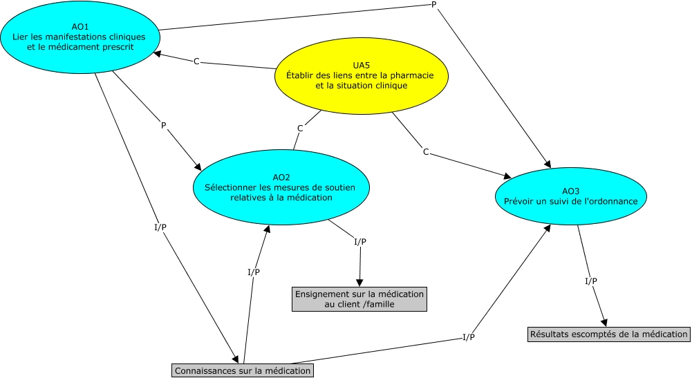Cette carte de concepts créée avec IHMC CmapTools traite de: UA5, Connaissances sur la médication I/P AO2 Sélectionner les mesures de soutien relatives à la médication, UA5 Établir des liens entre la pharmacie et la situation clinique C AO1 Lier les manifestations cliniques et le médicament prescrit, AO2 Sélectionner les mesures de soutien relatives à la médication I/P Ensignement sur la médication au client /famille, AO3 Prévoir un suivi de l'ordonnance I/P Résultats escomptés de la médication, Connaissances sur la médication I/P AO3 Prévoir un suivi de l'ordonnance, AO1 Lier les manifestations cliniques et le médicament prescrit P AO3 Prévoir un suivi de l'ordonnance, AO1 Lier les manifestations cliniques et le médicament prescrit P AO2 Sélectionner les mesures de soutien relatives à la médication, UA5 Établir des liens entre la pharmacie et la situation clinique C AO2 Sélectionner les mesures de soutien relatives à la médication, UA5 Établir des liens entre la pharmacie et la situation clinique C AO3 Prévoir un suivi de l'ordonnance, AO1 Lier les manifestations cliniques et le médicament prescrit I/P Connaissances sur la médication
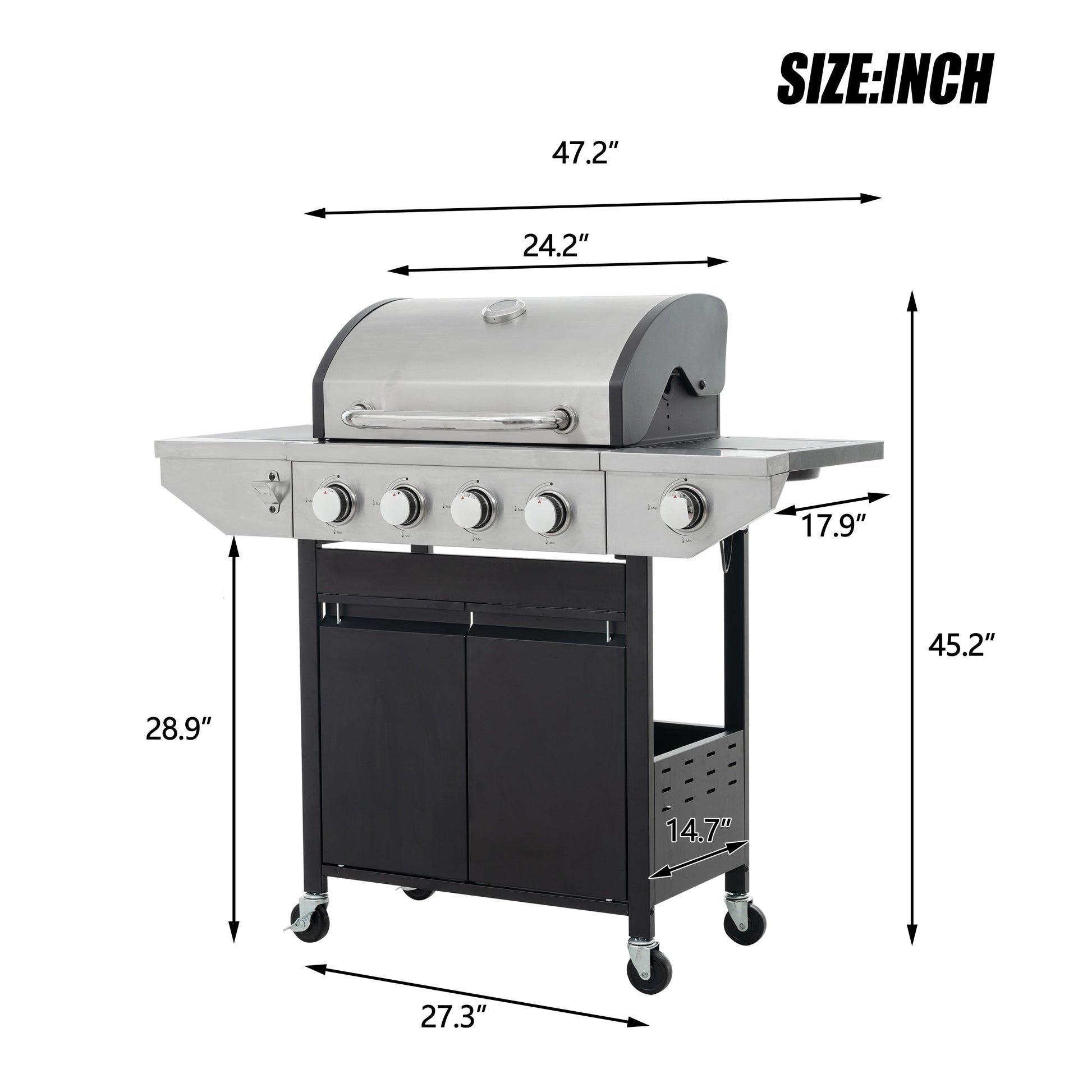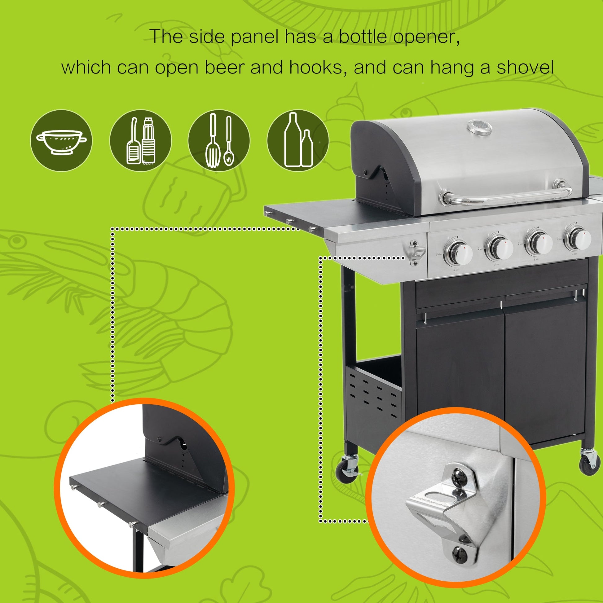 Propane Grill 4 Burner Barbecue Grill Stainless Steel Gas Grill with Side Burner, 46,500 BTU Outdoor Cooking, Patio, Garden Barbecue Grill, Black and Silver
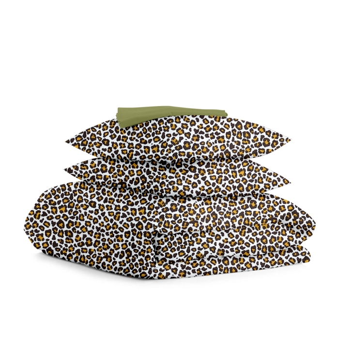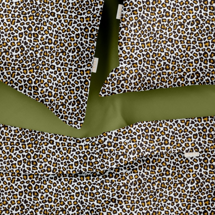 Двоспальна постільна білизна з простирадлом на резинці LEOPARD CS1

__What is expected__
Please return only the lines from the one holding "Propane Grill 4" through the end of the data, both ends included; do not copy any pictures.

__Reply to the exercise__
 Propane Grill 4 Burner Barbecue Grill Stainless Steel Gas Grill with Side Burner, 46,500 BTU Outdoor Cooking, Patio, Garden Barbecue Grill, Black and Silver
 Двоспальна постільна білизна з простирадлом на резинці LEOPARD CS1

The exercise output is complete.